■ **Provided material**:
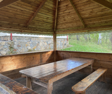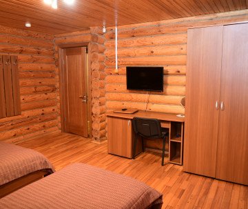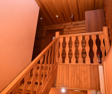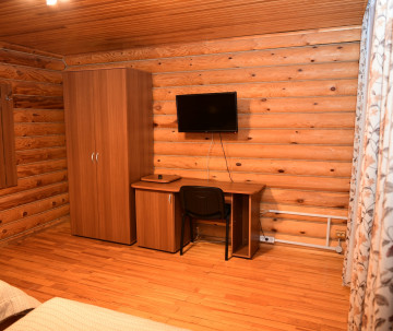 Отдыхать в коттедже можно совершенно автономно. Коттедж "Премиум" располагает собственной кухней, беседкой - барбекю, парковкой. На первом этаже здания размещаются вместительная гостиная с кухней, один санузел, одна спальня для двоих гостей. На втором этаже ещё 3 спальни и второй санузел. Спальни укомплектованы двуспальными кроватями. Санузлы оборудованы всем необходимым, включая душевые кабины. В гостиной есть телевизор, музыкальный центр. В кухонном гарнитуре Вы найдёте комплект посуды. Для связи с администратором отеля в шале имеется телефон.
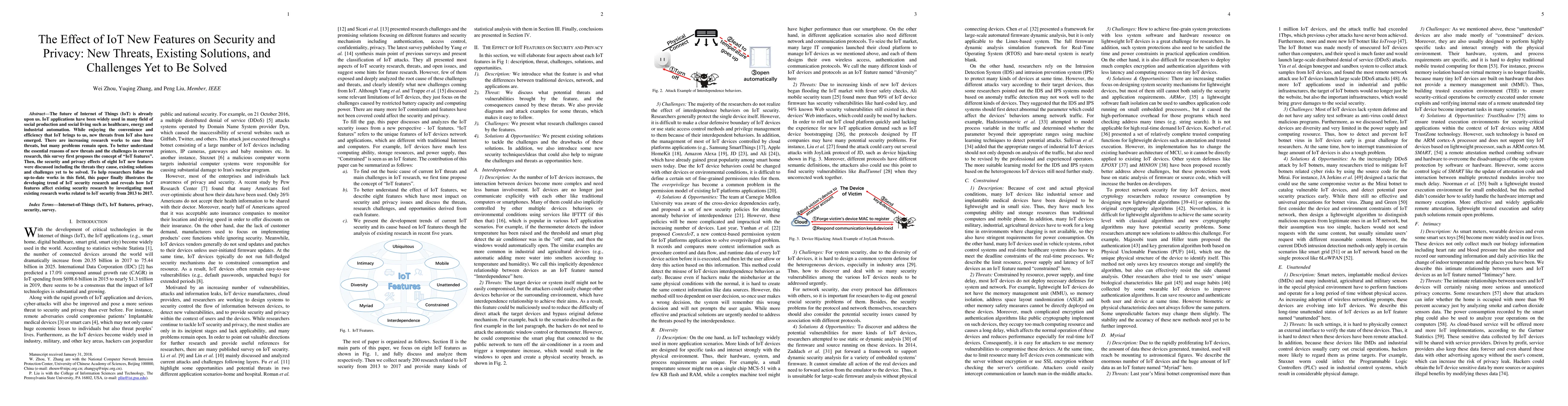 This paper surveys the security and privacy threats arising from new Internet of Things (IoT) features, discusses existing solutions and ongoing challenges, and highlights trends in IoT security research from 2013 to 2017. It identifies the key factors contributing to new threats and analyzes how IoT features influence current security research efforts.
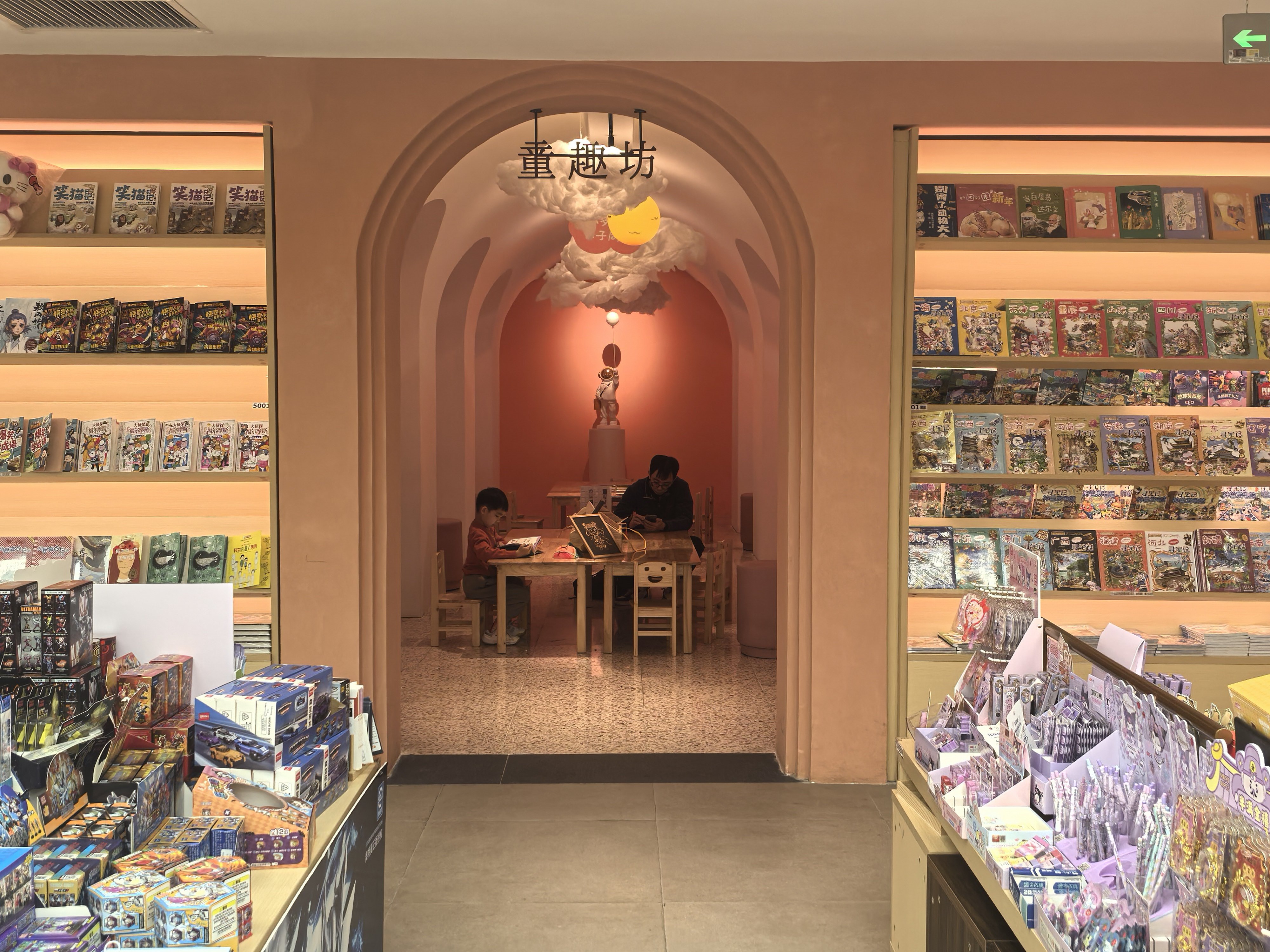 走进去,记者看到琳琅满方针书本,伏案作事的后生,带娃在道路上起步当车的家长。店里联想简陋高古,有特意的童趣坊与阅动坊,长长的走廊里也摆满了书,大堂里还有咖啡与简餐。
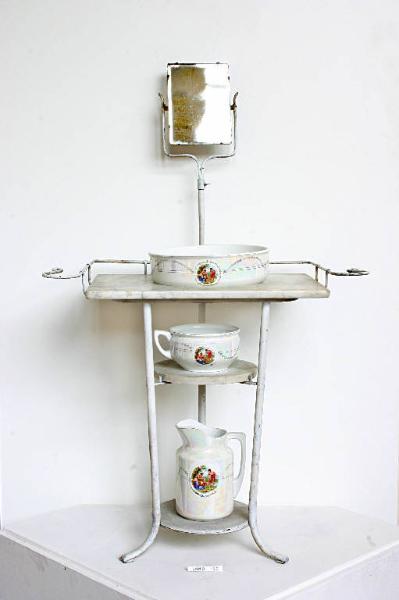 Servizio igienico da camera in terraglia decorata con decalcomanie tratte da opere di Angelica Kauffman; si compone di un pitale, un catino, una brocca e una struttura metallica di sostegno.

■ **Task statement**:
When you repeat the material, keep every word exact and drop the pictures.

■ **Solution to the exercise**:
 Отдыхать в коттедже можно совершенно автономно. Коттедж "Премиум" располагает собственной кухней, беседкой - барбекю, парковкой. На первом этаже здания размещаются вместительная гостиная с кухней, один санузел, одна спальня для двоих гостей. На втором этаже ещё 3 спальни и второй санузел. Спальни укомплектованы двуспальными кроватями. Санузлы оборудованы всем необходимым, включая душевые кабины. В гостиной есть телевизор, музыкальный центр. В кухонном гарнитуре Вы найдёте комплект посуды. Для связи с администратором отеля в шале имеется телефон.
 This paper surveys the security and privacy threats arising from new Internet of Things (IoT) features, discusses existing solutions and ongoing challenges, and highlights trends in IoT security research from 2013 to 2017. It identifies the key factors contributing to new threats and analyzes how IoT features influence current security research efforts.
 走进去,记者看到琳琅满方针书本,伏案作事的后生,带娃在道路上起步当车的家长。店里联想简陋高古,有特意的童趣坊与阅动坊,长长的走廊里也摆满了书,大堂里还有咖啡与简餐。
 Servizio igienico da camera in terraglia decorata con decalcomanie tratte da opere di Angelica Kauffman; si compone di un pitale, un catino, una brocca e una struttura metallica di sostegno.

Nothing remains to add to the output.